П. Тетали прочтет следующие лекции:

• 22 июня, Актовый зал ЛК, 17:05-18:30 — Discrete Curvature and Applications.
  Inspired by exciting developments in optimal transport and Riemannian geometry, several independent groups have formulated notions of (Ricci) curvature in discrete spaces. I will mention briefly some of these approaches, results, examples and open problems.An interesting by-product is the result (obtained jointly with Klartag, Kozma, and Ralli) that the Cheeger inequality — relating the spectral gap to the edge-isoperimetric constant — is tight for the class of abelian Cayley graphs.

• 23 июня, Актовый зал ЛК, 18:30-20:00 — Catalan Shuffles.
  Catalan numbers arise in many enumerative contexts as the counting sequence of combinatorial structures. In this work, we consider natural Markov chains on some of the realizations of the Catalan sequence, and derive estimates on the mixing time of the corresponding Markov chains.

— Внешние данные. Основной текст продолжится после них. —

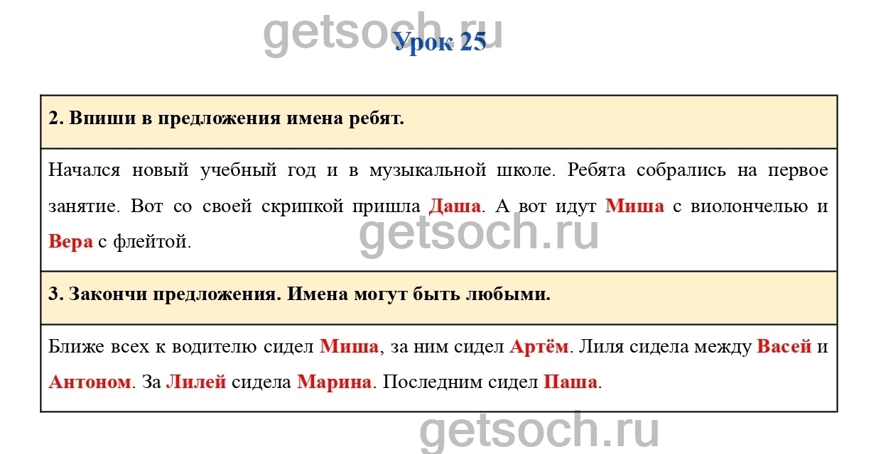 Рассмотрим ответы на задания рабочей тетради по русскому языку для 2 класса Кузнецова Страница 42. Впиши в предложения имена ребят.

  While our main result is an O(n^2 log n) bound on the mixing time for the random transposition chain on the so-called Dyck paths, we raise several open questions, including the optimality of the above bound.
  The novelty in our proof is in establishing a certain negative correlation property among random bases of the Catalan matroid, for which the Dyck paths form the bases.
  This is joint work with Damir Yeliussizov (Kazakhstan) and Emma Cohen (Georgia Tech).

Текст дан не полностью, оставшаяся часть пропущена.